Records from a data source
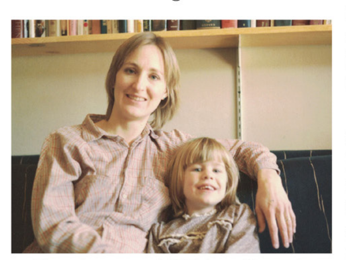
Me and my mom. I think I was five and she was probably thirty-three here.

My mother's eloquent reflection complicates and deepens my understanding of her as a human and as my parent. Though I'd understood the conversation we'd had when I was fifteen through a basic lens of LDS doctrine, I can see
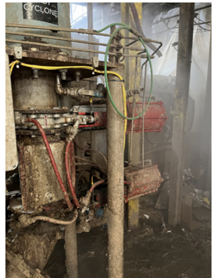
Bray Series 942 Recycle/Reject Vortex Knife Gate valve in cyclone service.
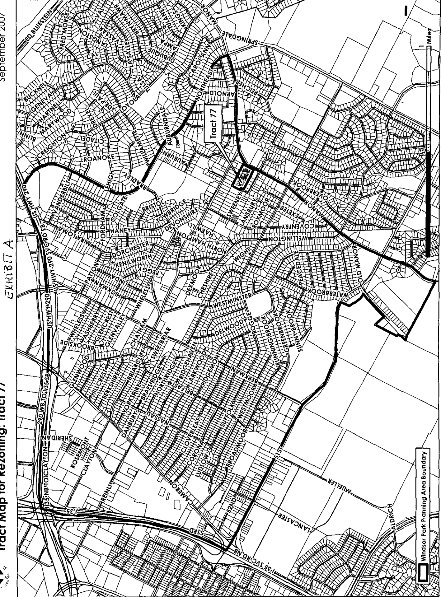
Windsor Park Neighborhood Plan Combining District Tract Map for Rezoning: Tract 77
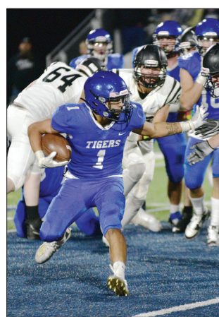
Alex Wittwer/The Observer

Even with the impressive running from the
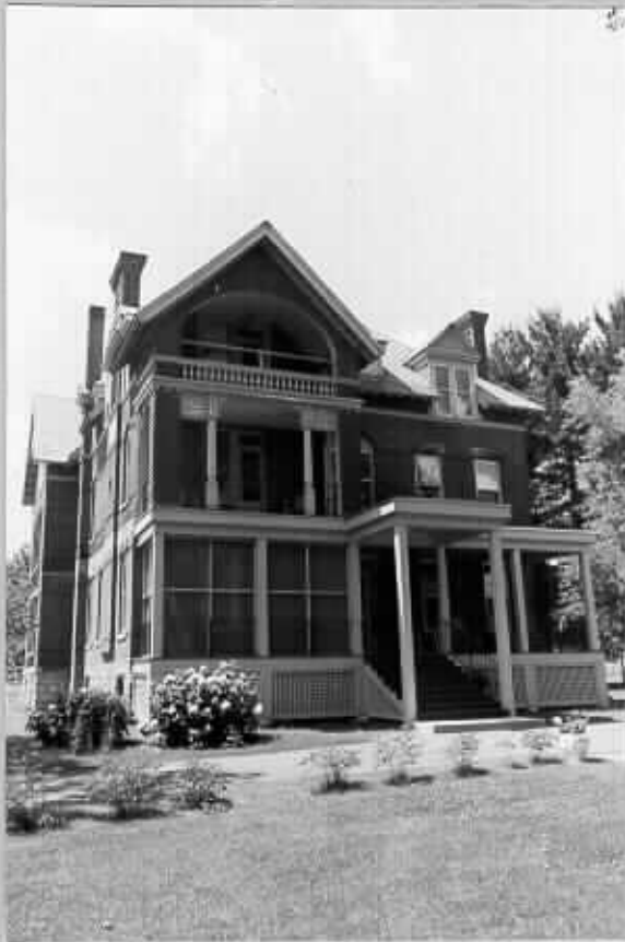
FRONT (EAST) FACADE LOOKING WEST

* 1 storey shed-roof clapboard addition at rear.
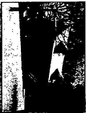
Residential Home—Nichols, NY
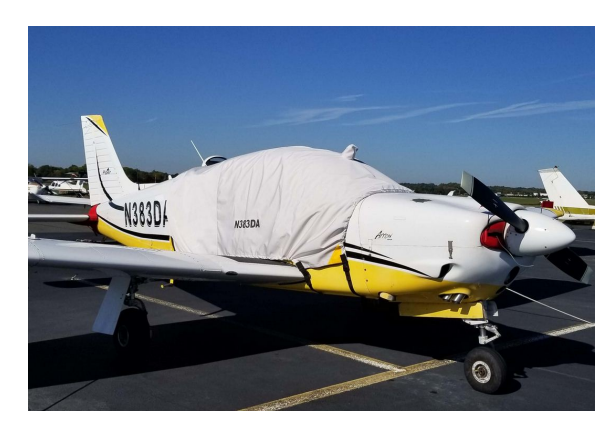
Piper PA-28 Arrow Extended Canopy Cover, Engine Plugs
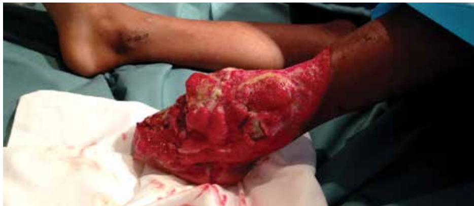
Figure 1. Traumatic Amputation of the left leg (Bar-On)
--
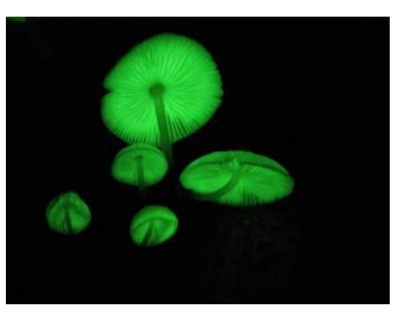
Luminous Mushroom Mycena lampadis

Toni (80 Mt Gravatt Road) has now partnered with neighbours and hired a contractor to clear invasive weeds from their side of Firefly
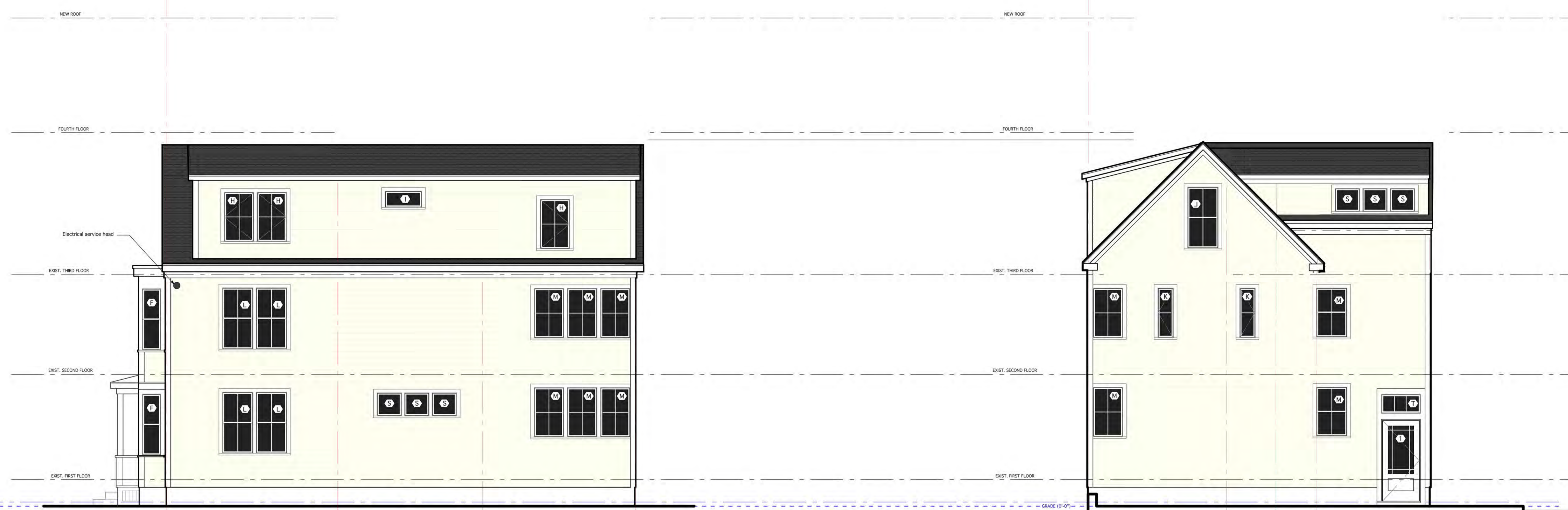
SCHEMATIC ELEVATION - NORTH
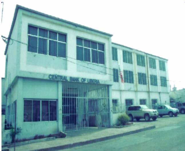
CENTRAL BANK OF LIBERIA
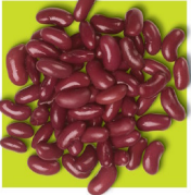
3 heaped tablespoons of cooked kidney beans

• _Exercise_
Starting at the line above that has "CENTRAL BANK OF LIBERIA" and ending at the line that has "3 heaped tablespoons of cooked kidney beans", copy each line exactly, leaving the pictures out and adding nothing.

• _Task response_
CENTRAL BANK OF LIBERIA
3 heaped tablespoons of cooked kidney beans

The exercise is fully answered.